Top of Provided records
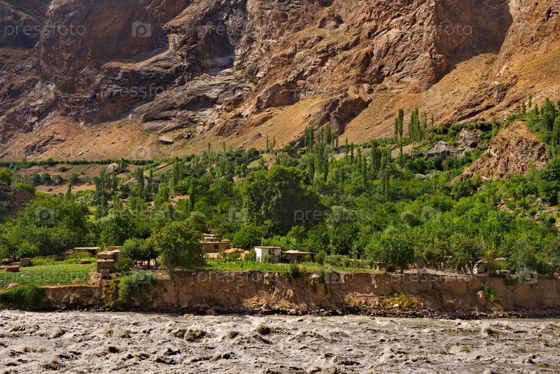 Афганистан. Памирский тракт. Возделываемая каменистая земля на левом берегу пограничной реки Пяндж
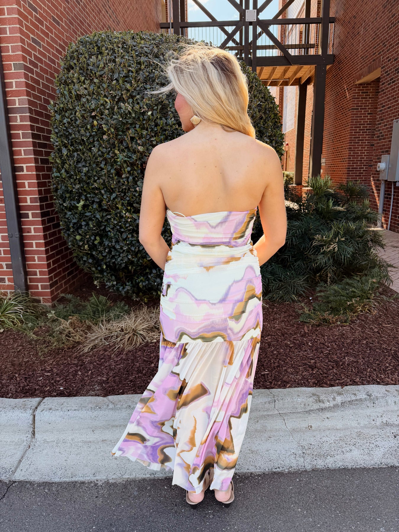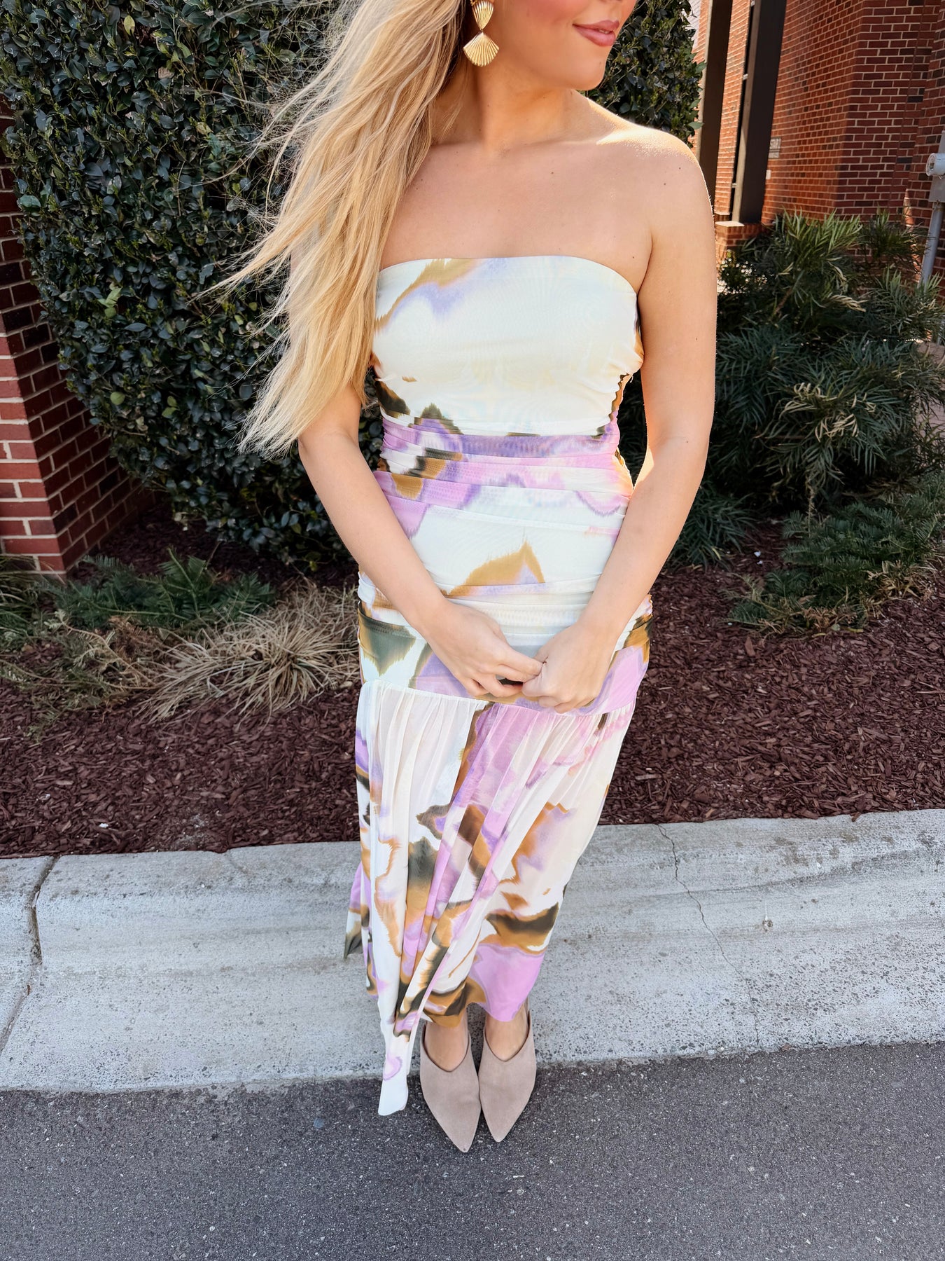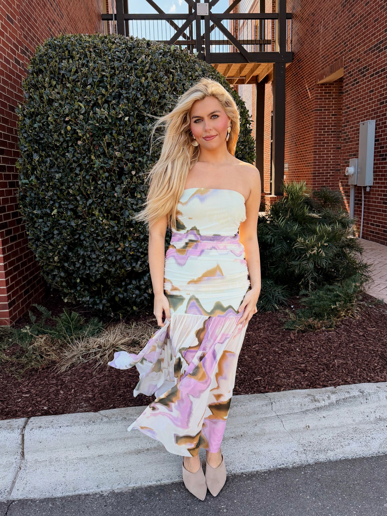 Effortless elegance meets modern sophistication in this KERRIE DRESS MULTI. The fluid silhouette drapes beautifully while the side slit adds movement and visual interest, creating a flattering balance between coverage and allure. Perfect for evening events, resort wear, or any occasion calling for refined style. The strapless neckline offers versatility for layering or showcasing statement jewelry, while the flowing fabric ensures comfortable, graceful wear throughout the day or night.
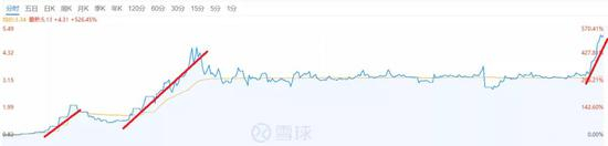 刺激吗?更刺激的还在后面。上午10:50左右,微贷网出现了一波更夸张的上涨,从1.4美元左右一口气涨到4.5美元,涨幅454%!也就是说,早上10万美元买入,一个上午已经变成了53万美元。
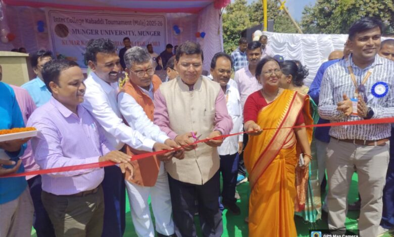 जमुई में इंटर कॉलेज कबड्डी प्रतियोगिता का भव्य शुभारंभ, 14 महाविद्यालयों की टीमों ने लिया हिस्सा, कुलपति ने किया उद्घाटन।
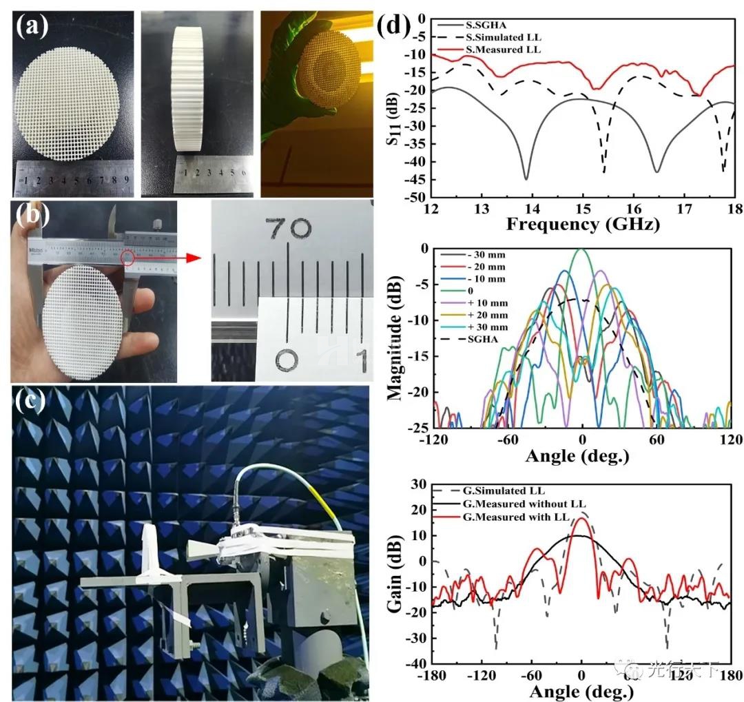 本論文通過引入超材料結構,實現(xiàn)了高介電常數(shù)陶瓷介質(zhì)的梯度分布,并結合轉換光學理論,采用SLA紫外光固化3D打印工藝制備,制備獲得了一種低剖面結構的龍勃透鏡。該透鏡天線燒結溫度低(850°C燒結成型)、成型精度高(凈尺寸與設計尺寸幾乎一致)、厚度?。s10mm),在Ku波段實現(xiàn)了±15°的波束掃描,對饋源的增益提升超過5 dBi。該工作為復雜結構微波/射頻器件一體化成型提供了新思路,有利于推進低成本陶瓷微波/射頻組件的開發(fā)與制備。
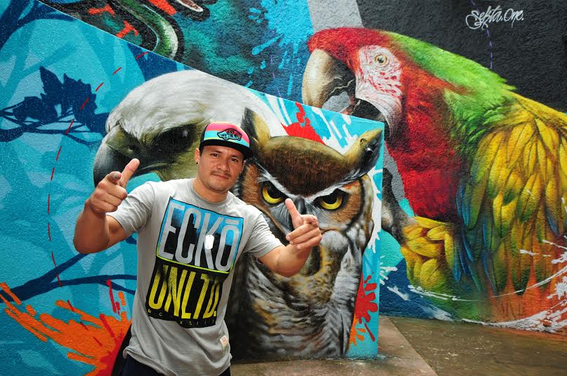 El artista urbano explicó que para mostrar ejemplo a los jóvenes de cómo se evoluciona de la práctica del arte urbano al neomuralisno, siempre con permiso de las autoridades, quisieron crear una imagen que contrastara con Los Tecajetes, llena de color y policronía, que definen como una crónica de los rapaces supremos del parque.
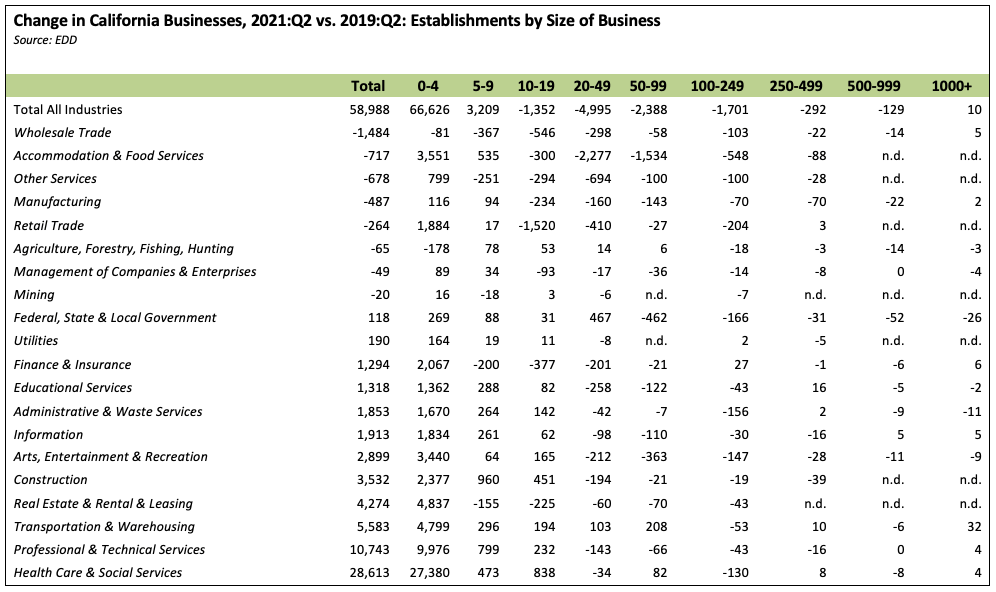There has been considerable movement within each of these industries, with most of the losses taken by medium-sized businesses and growth within smaller ones including sole person establishments. Comparing the most recently available second-quarter results by size of business in 2021 with the same quarter in pre-pandemic 2019, the number of establishments grew by 58,988, but only as a loss (both from closures and establishments reducing their jobs) of 10,857 establishments in the 10-999 employee range was offset by an increase of 69,835 in the 0-9 employee range plus an additional 10 moving into the 1000+ range. Note that in some cases, the data in the table was not reported (n.d.) due to non-disclosure requirements.
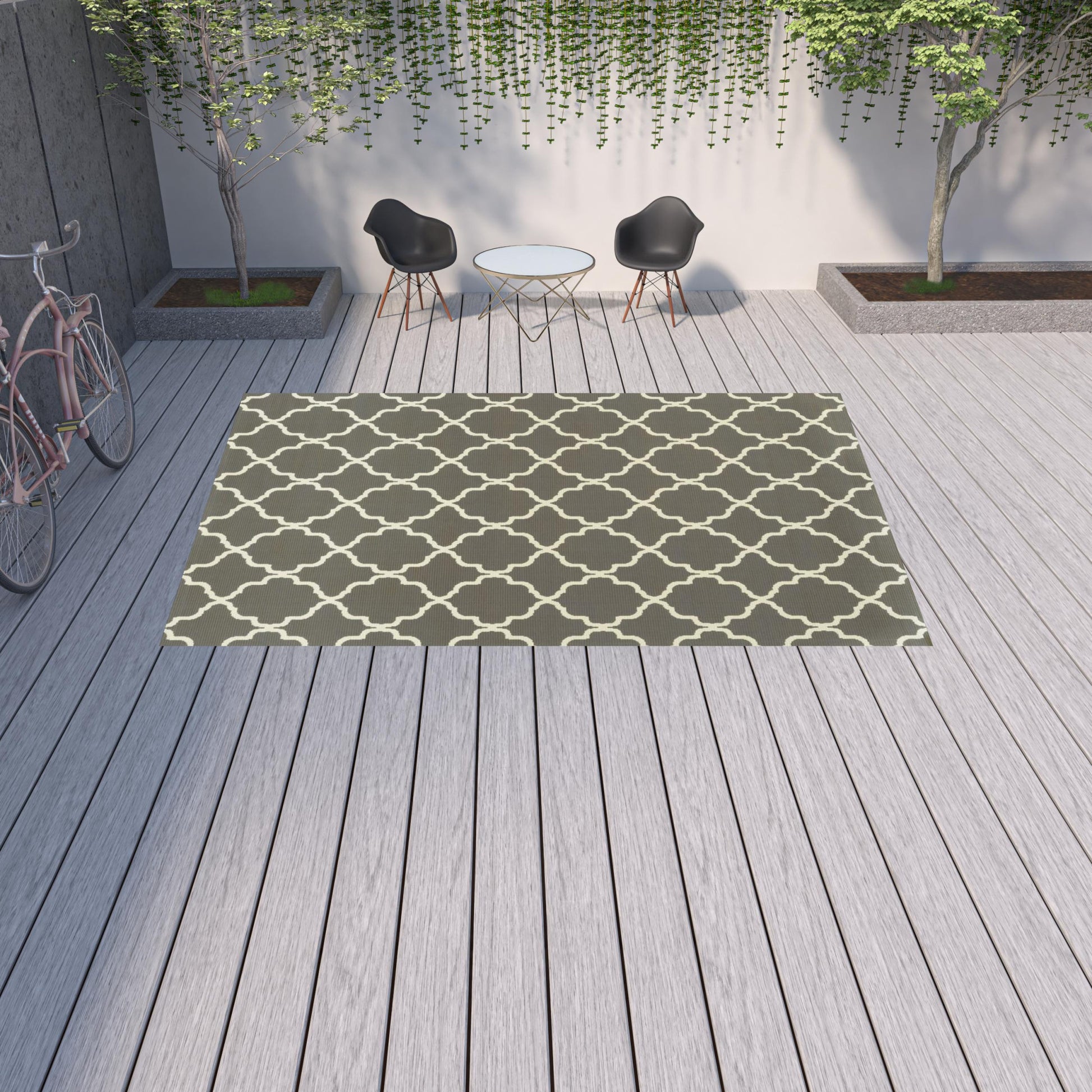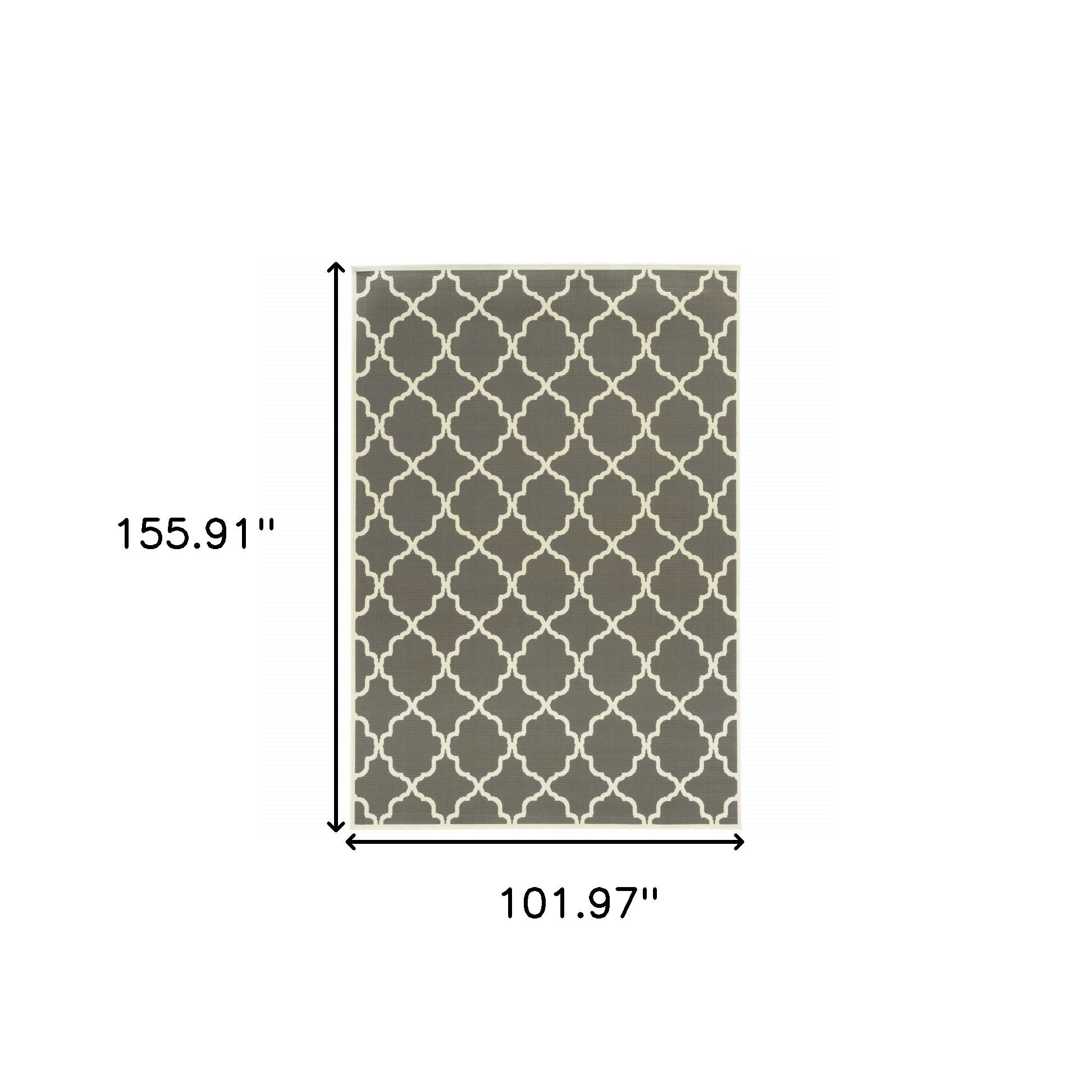 9' X 13' Charcoal Geometric Stain Resistant Indoor Outdoor Area Rug
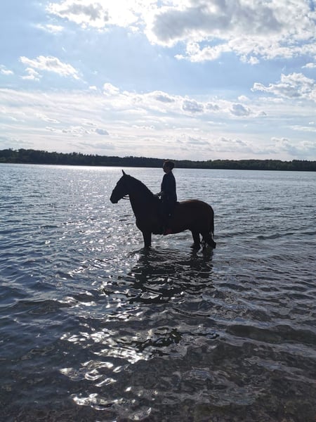 Hallo, zum Verkauf steht mein feiner und motivierter Lusitano Wallach. Seit 4 Jahren haben wir in praktisch allen Bereichen Unterricht genommen. Bodenarbeit, Dressur, Springen & Gelände. Er befindet sich auf einem soliden A- Niveau. Er ist 1,57 m, jetzt offiziell 14 Jahre und eher schmal gebaut. Reitergewicht sollte nicht über 70 kg sein. Er ist immer bemüht und sehr auf seinen Menschen bezogen, trotzdem braucht er einen sicheren Reiter. Typische Spanische Gänge, gut zu sitzen, leicht zu reiten, Aktive Beine Schmied und Verladen Problemlos. 1x jährlich Geimpft, Zähne gemacht, Sättel aufgepolstert und Osteo-behandelt. Ich wünsche mir einen guten Platz mit viel Auslauf für ihn. Zubehör gebe ich gern auf Verhandlungsbasis komplett mit dazu. Komplette Springausrüstung in Braun. Prestige Springsattel, Trense usw. Dressursattel Prestige Milano neuwertig &Trense schwarz. Regendecke, Winterdecke, Abschwitzdecke,Gamaschen usw Aktuell steht er in Großpösna zum Kennenlernen. Wird nicht an Anfänger, Kinder oder Schulbetriebe verkauft. Bei Fragen oder Interesse einfach melden :)
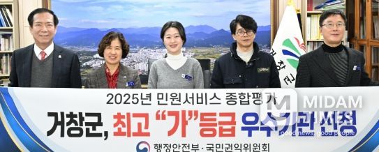 미담타임스 김교환 기자 | 거창군은 국민권익위원회·행정안전부 공동 주관한 ‘2025년 민원 서비스 종합평가’에서 최고 등급인 ‘가등급’에 선정돼 전국 최고 수준의 민원 서비스를 인정받았다.
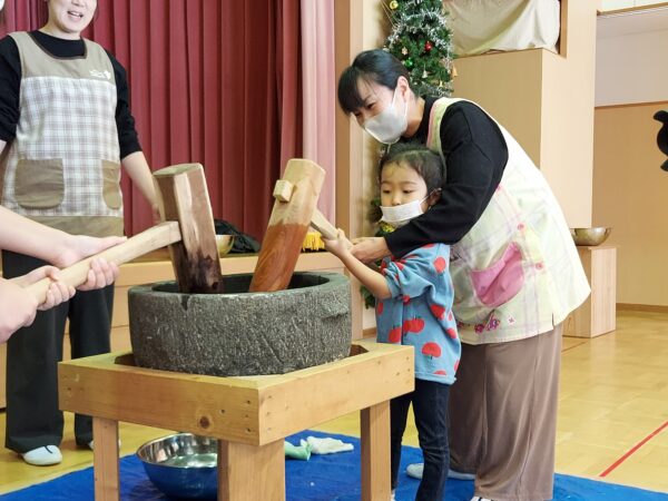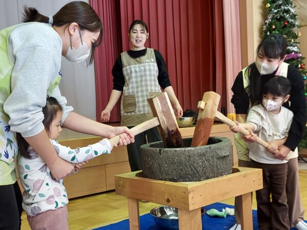 そして学年ごとにおもちつき開始!まずは満3歳さんと年少さんが行いました。重たい杵を、先生やお友だちと力を合わせて持ち、一生懸命頑張りました!
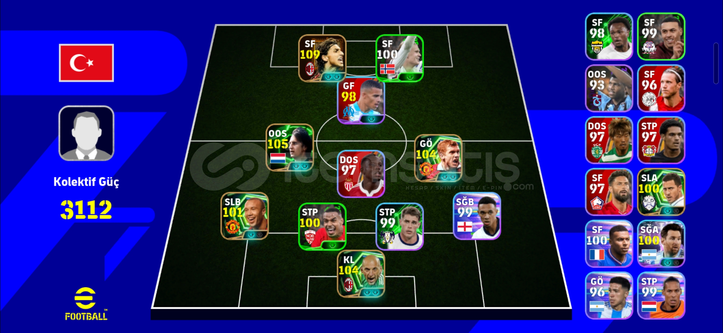 110 ibrahimovic 106 cruyff 105 scholes 105 abbiati başlangıç hesabı eksi mc yoktur
Bottom of Provided records
— Your instructions —
Pictures excluded, repeat exactly the lines from the top of the material through the line with "Effortless elegance meets", including both of those lines.

— Written response —
 Афганистан. Памирский тракт. Возделываемая каменистая земля на левом берегу пограничной реки Пяндж
 Effortless elegance meets modern sophistication in this KERRIE DRESS MULTI. The fluid silhouette drapes beautifully while the side slit adds movement and visual interest, creating a flattering balance between coverage and allure. Perfect for evening events, resort wear, or any occasion calling for refined style. The strapless neckline offers versatility for layering or showcasing statement jewelry, while the flowing fabric ensures comfortable, graceful wear throughout the day or night.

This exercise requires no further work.